Ingredients

2 cans reduced-sodium chicken broth
3 tablespoons butter
1 -2 large zucchini , cut into 1/2 inch cubes
coarse salt & fresh ground pepper
1/2 cup finely chopped onion
1 1/2 cups arborio rice
1/2 cup dry white wine
1 cup frozen peas , thawed
1/2 cup grated parmesan cheese
Martha Stewart's Spring Risotto with Peas and Zucchini is the perfect meal for a light, Spring dinner. This delicious risotto is packed with flavor and is relatively easy to make, making it a great option for any night of the week. The combination of zucchini, peas, and parmesan cheese makes this dish filling and satisfying, while also being healthy and nutritious.
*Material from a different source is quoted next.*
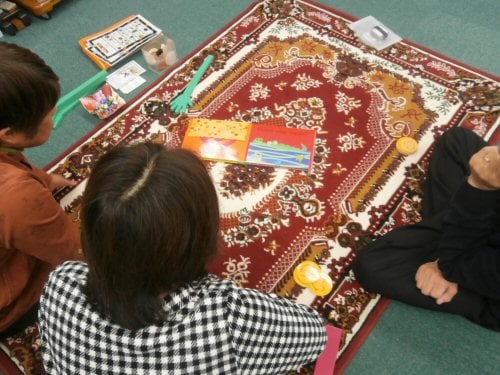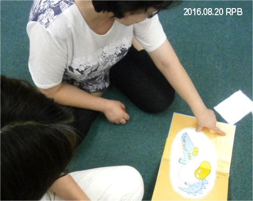 We enjoyed RPB: Reading Picture Books; using a paper-show of “Bridge over the Milky Way”, in which I sometimes asked lots of questions about the story.

Whether you're an experienced cook or new to the kitchen, this recipe is sure to be a hit at your next dinner party or family meal.

Instructions

1.In a medium saucepan, bring the chicken broth to a simmer over medium heat.
2.In a large saucepan, melt 2 tablespoons of butter over medium heat.
3.Add the zucchini and a pinch of salt and pepper, and sauté for 3-5 minutes, or until the zucchini is tender.
4.Transfer the zucchini to a separate plate and set aside.
5.In the same saucepan, melt the remaining tablespoon of butter over medium heat.
6.Add the onion and a pinch of salt and pepper, and sauté for 2-3 minutes, or until the onion is translucent.
7.Add the arborio rice and stir for 2-3 minutes, or until the rice is toasted.
8.Add the white wine and stir until the wine has mostly evaporated.
9.Add the chicken broth, one ladleful at a time, stirring constantly until each addition of broth has been absorbed before adding more.
10.Continue this process until the rice is al dente, usually taking around 20-25 minutes total cook time.
11.Add the peas and zucchini, folding them into the risotto until heated through.
12.Remove from heat and stir in the grated parmesan cheese.
13.Serve and enjoy!

PROS

This Spring Risotto is filling, flavorful and packed with vegetables, making it a great option for anyone looking for a healthy meal.

The recipe can be customized with different vegetables for a variety of flavors and textures.

CONS

Risotto can be time-consuming and takes attention and care in the cooking process, but the result is well worth the effort.

This recipe, while delicious, is higher in carbohydrate content and may not be suitable for those on a low-carb diet.

HEALTH & BENEFITS

This Spring Risotto is packed with nutritious vegetables, including zucchini and peas, which are both low in calories and high in fiber.
The dish is also high in protein thanks to the chicken broth and parmesan cheese, which makes it a great option for anyone looking to maintain muscle mass and curb hunger.
The risotto also contains vitamins and minerals including vitamin C, vitamin A, and potassium, which are all essential for optimal health.